I’ve always thought of myself as an entrepreneur.
When I was just four years old, my father passed away, leaving my mom who was just 24, with three kids. Her life changed drastically. She began working multiple jobs just to make sure we had as many opportunities as possible. Over the next two decades, my mother went from fast-food worker to hairstylist to business owner. I watched and learned the hustle, and by the age of eight, I started my own “business” with my best friend washing cars, cleaning houses, selling homemade greeting cards—the possibilities for me were endless at that age. For me, being an entrepreneur wasn’t an option, it was a necessity. It was an undeniable calling within my DNA.

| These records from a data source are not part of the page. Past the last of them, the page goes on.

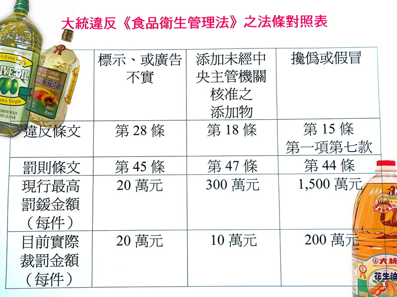 事實上,《食品衛生管理法》歷經塑化劑、毒澱粉事件,在民間團體不斷鼓吹「亂世重典」之下,也確實促成立院修法提高裁罰金額,但以大統為例,目前確定開罰2460萬元,若採最高罰則將達到2.1億元;「罰款一部分的概念是為追討不法所得。」消基會秘書長雷立芬說,「罰款金額太低,根本無損黑心業者所獲暴利。」
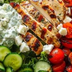Delicious Greek Chicken Bowls featuring grilled chicken, fresh vegetables, and a tangy tzatziki sauce, all served over a bed of rice or quinoa.
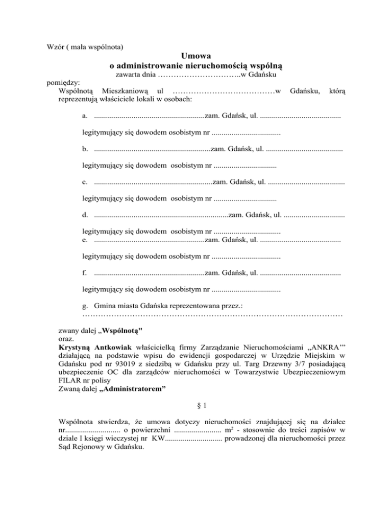 Wzór ( mała wspólnota) Umowa o administrowanie nieruchomością wspólną zawarta dnia …………………………..w Gdańsku pomiędzy: Wspólnotą Mieszkaniową ul …………………………………w reprezentują właściciele lokali w osobach: Gdańsku, którą a. ........................................................zam. Gdańsk, ul. ......................................... legitymujący się dowodem osobistym nr ................................... b. ...........................................................zam. Gdańsk, ul. ....................................... legitymujący się dowodem osobistym nr ................................ c. ............................................................zam. Gdańsk, ul. ....................................... legitymujący się dowodem osobistym nr ................................ d. ....................................................................zam. Gdańsk, ul. ............................... legitymujący się dowodem osobistym nr .................................. e. ........................................................zam. Gdańsk, ul. ......................................... legitymujący się dowodem osobistym nr ................................... f. ........................................................zam. Gdańsk, ul. ......................................... legitymujący się dowodem osobistym nr ................................... g. Gmina miasta Gdańska reprezentowana przez.: ……………………………………………………………………………………… zwany dalej „Wspólnotą" oraz. Krystyną Antkowiak właścicielką firmy Zarządzanie Nieruchomościami „ANKRA’” działającą na podstawie wpisu do ewidencji gospodarczej w Urzędzie Miejskim w Gdańsku pod nr 93019 z siedzibą w Gdańsku przy ul. Targ Drzewny 3/7 posiadającą ubezpieczenie OC dla zarządców nieruchomości w Towarzystwie Ubezpieczeniowym FILAR nr polisy Zwaną dalej „Administratorem” §1 Wspólnota stwierdza, że umowa dotyczy nieruchomości znajdującej się na działce nr............................ o powierzchni ........................ m2 - stosownie do treści zapisów w dziale I księgi wieczystej nr KW............................. prowadzonej dla nieruchomości przez Sąd Rejonowy w Gdańsku. §2. Wspólnota powierza, a Administrator przyjmuje obowiązki wykonywania w imieniu Wspólnoty i na jej rachunek czynności zwykłego zarządu nieruchomością wspólną . §3. Czynności administrowania nieruchomością wspólną obejmują: 1. reprezentowanie Wspólnoty na zewnątrz w sprawach administracyjnych przed organami państwowymi samorządowymi, urzędami i instytucjami, weryfikowanie stanu prawnego i faktycznego nieruchomości, prowadzenie wykazu lokali wyodrębnionych 2. prowadzenie księgi obiektu budowlanego oraz dokumentacji technicznej nieruchomości wspólnej wymaganej przez przepisy prawa budowlanego, 3. zlecanie kontroli technicznych i okresowych przeglądów nieruchomości wraz z urządzeniami stanowiącymi jej wyposażenie techniczne zgodnie z wymogami prawa budowlanego 4. utrzymanie w należytym porządku i czystości pomieszczeń i urządzeń budynku służących do wspólnego użytku właścicieli lokali (w tym dźwigów osobowych), terenu nieruchomości określonego w § l umowy, chodnika przed nieruchomością i innych terenów, jeżeli obowiązek taki wynika z zawartych umów bądź z postanowień ustaw; do obowiązków Administratora należy zawieranie umów związanych z realizacją tego zadania poprzez angażowanie dozorcy lub wybór innej formy działania, 5. zapewnienie dla nieruchomości wspólnej dostaw energii elektrycznej, energii cieplnej ciepłej i zimnej wody, odbioru ścieków wywozu nieczystości bytowych i nietypowych. 6. zapewnienie usług konserwacyjno- remontowych budynku, usług konserwacji dźwigów, domofonów , pogotowia lokatorskiego 7. zapewnienie bieżącej konserwacji i bieżących napraw nieruchomości wspólnej, a w szczególności dokonywanie napraw budynku i jego pomieszczeń wspólnych oraz urządzeń technicznych umożliwiających właścicielom lokali korzystanie z oświetlenia, ogrzewania lokalu, ciepłej i zimnej wody, gazu, dźwigów osobowych, i innych urządzeń należących do wyposażenia nieruchomości wspólnej, 8. ubezpieczenie budynku od O.C. oraz zdarzeń losowych, opłacanie podatków i innych opłat publiczno- prawnych przypadających od nieruchomości wspólnej chyba, że są pokrywane bezpośrednio przez właścicieli poszczególnych lokali 9. zawieranie umów na podstawie uchwały wspólnoty, w uzgodnieniu z pełnomocnikiem wspólnoty o roboty bądź usługi związane z realizacją zadań wynikających z umowy, kontrola prawidłowości wykonania tych umów oraz ich rozwiązywanie w przypadkach uzasadnionych 10. rozliczanie z właścicielami opłat z tytułu kosztów zarządu nieruchomością wspólną zgodnie z art. 14 ustawy o własności lokali 11. pobieranie należności z tytułu pożytków i innych przychodów z nieruchomości wspólnej 12. potwierdzanie uprawnień w sprawach meldunkowych w zakresie określonym ustawą o ewidencji – dla właścicieli lokali ( z wyłączeniem gminy) 13. wydawanie poświadczeń bądź zaświadczeń (w stosunku do właścicieli dotyczących między innymi uprawnień do dodatków mieszkaniowych, pomocy społecznej itp.) 14. prowadzenie księgowości na zasadach ewidencji przychodów i kosztów, zgodnie z Rozporządzeniem Ministra Finansów z dnia 28 sierpnia 2000r. 15. dokonywanie rozliczeń poprzez rachunek bankowy, w tym odrębny dla funduszu remontowego 16. sporządzanie rocznego sprawozdania finansowego i dostarczenie go pełnomocnikowi Wspólnoty najpóźniej na 7 dni przed rocznym zebraniem. 17. zwoływanie zebrań Wspólnoty w uzgodnieniu z pełnomocnikiem wspólnoty raz w roku po zakończeniu roku obrachunkowego, nie później niż. do 31 marca roku następnego (w celu przedł
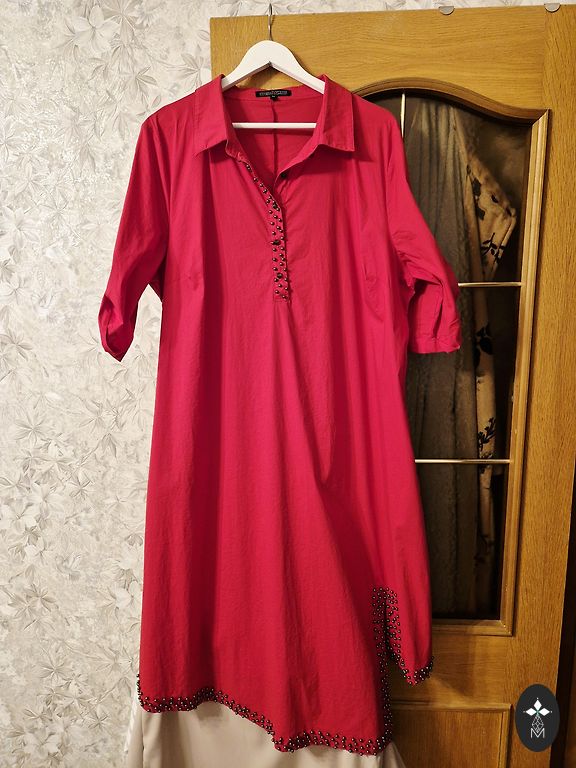 Aukštos kokybės Suomijos gamintojo AARRE MARISA suknelė iš 76% organinės medvilnės. Medžiaga storesnė, tinkama žiemai, su tekstūra. Šonuose kišenės. Trumpos rankovės. Spalva realybėje tamsesnė nei mano nuotraukose, kaip tikras raudonas vynas.
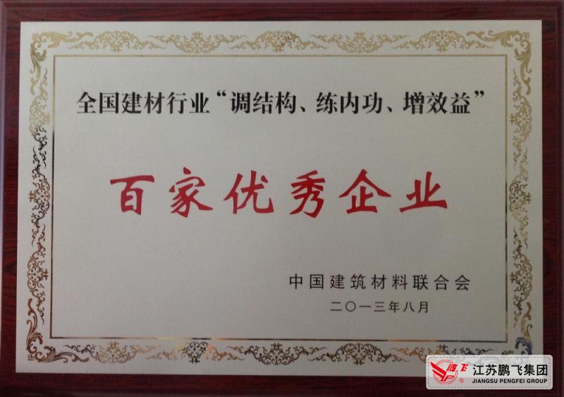 為樹立典型,有效遏制經(jīng)濟效益下滑,推進建材行業(yè)調(diào)整結(jié)構(gòu)和轉(zhuǎn)型升級,弘揚正能量,發(fā)揮優(yōu)秀企業(yè)的典型示范作用,促進行業(yè)科學發(fā)展,中國建材聯(lián)合會與各省市地方建材行業(yè)協(xié)會聯(lián)手開展推薦表彰“調(diào)結(jié)構(gòu)、練內(nèi)功、增效益”百家優(yōu)秀企業(yè)評比表彰活動。江蘇鵬飛集團強抓市場機遇,堅持科學發(fā)展之路,創(chuàng)新經(jīng)營模式,被授予“調(diào)結(jié)構(gòu)、練內(nèi)功、增效益”百家優(yōu)秀企業(yè)榮譽稱號。
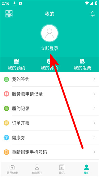 3、在我的页面点击立即登录区域,进入账号登录页面。
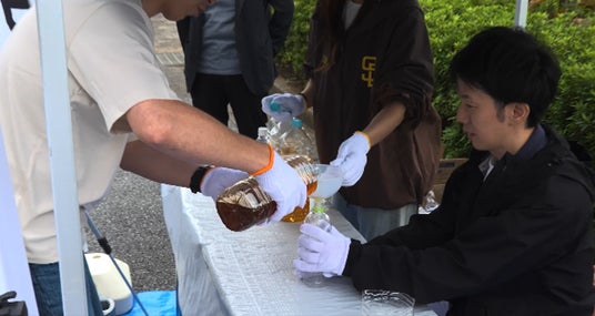 会場では、コスモエネルギーグループが使用済み食用油を原料として日本で初めて量産化を開始したSAFについても紹介しました。当社社長の山田が「従来のジェット燃料に比べてCO2を最大約80%削減できる新しい燃料」と説明すると、賀来さんも「本当に画期的な取り組み。使用済み食用油と燃料は結びつきにくいイメージがあるけれど、SAFのことを知った以上、SAFとは何かをわかりやすく世間に伝えるのが自分の使命だと感じています。少しでもSAFの輪が広がっていけば嬉しい」と語り、「循環型経済」への期待を込めました。
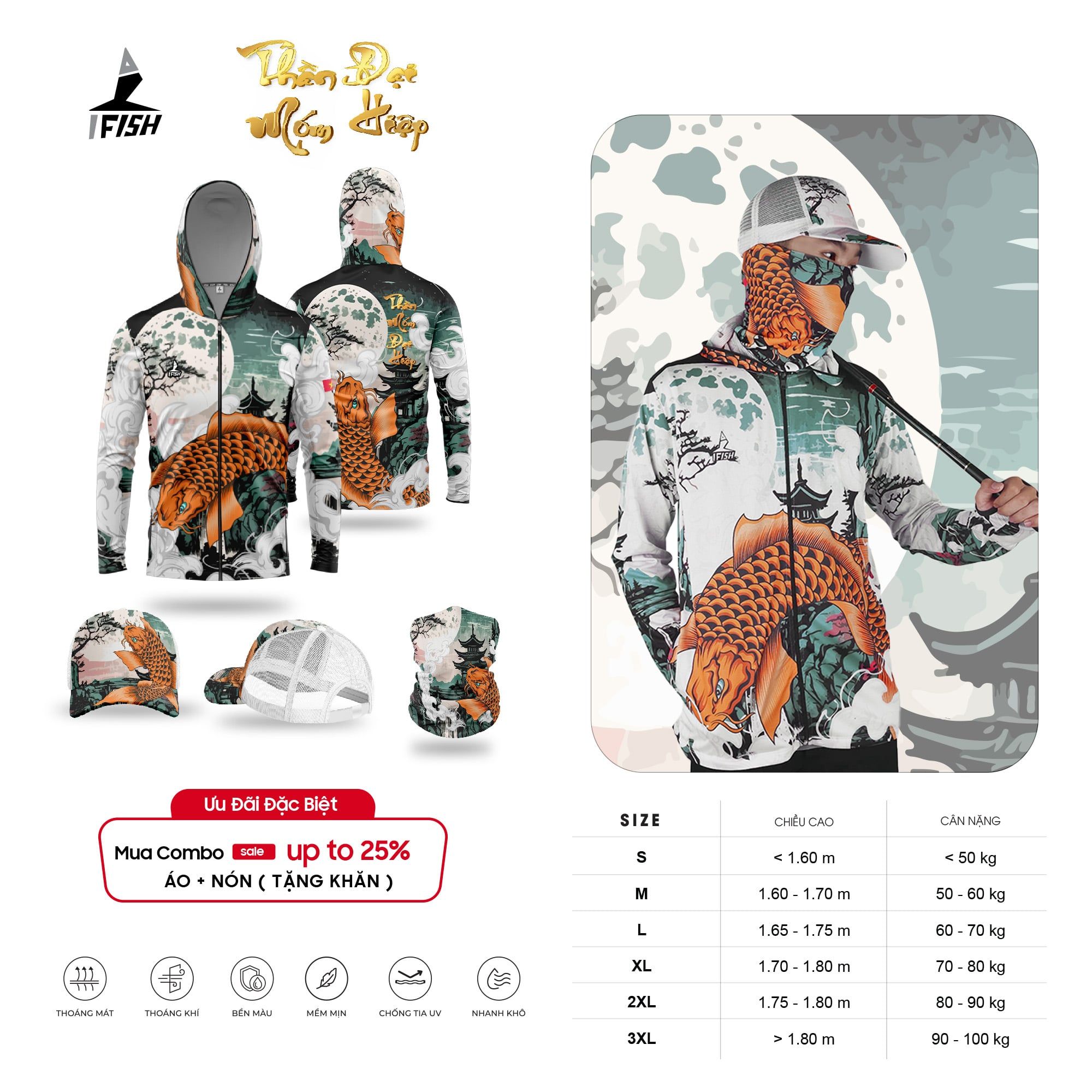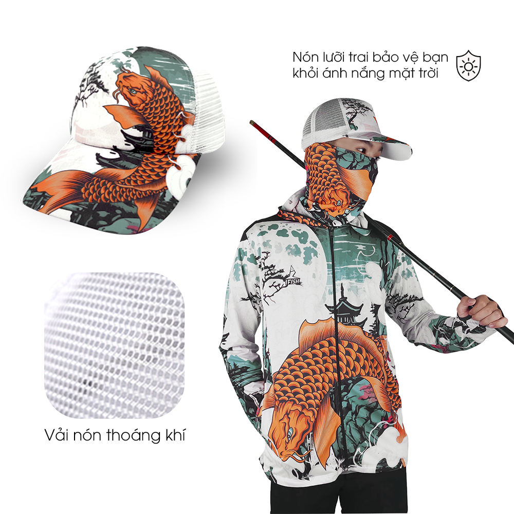 Áo Câu Cá THẦN MÓM ĐẠI HIỆP được thiết kế rộng rãi và linh hoạt, phù hợp cho cả nam và nữ. 2 bên áo có túi khóa kéo tiện lợi và được trang bị khóa kéo đến đỉnh nón. Thiết kế có nón trùm và tay áo dài có lỗ xỏ ngón tay cái, bảo vệ bạn khỏi ánh mắt mặt trời.

Fast forward many years, after getting an M.S. in Organizational Development with an emphasis in Change Management, I founded and sold my own leadership-training and organizational-development company. Eventually, my passion for entrepreneurship, innovation, social good and a world of endless possibilities is what led me to founding AngelHack; a female-owned, female-majority company that provides entrepreneurs with emerging technologies and promotes the creation of seamless technology both inside and out of Silicon Valley.
My career in entrepreneurship spans over the course of more than 10 years, and during that time, the digital landscape has been constantly changing and evolving. But what’s changed? How has the digital landscape evolved and become one of the main ways to source and sustain opportunity? How has this changed the demographics of the workforce and made it possible to thrive as minority women in technology?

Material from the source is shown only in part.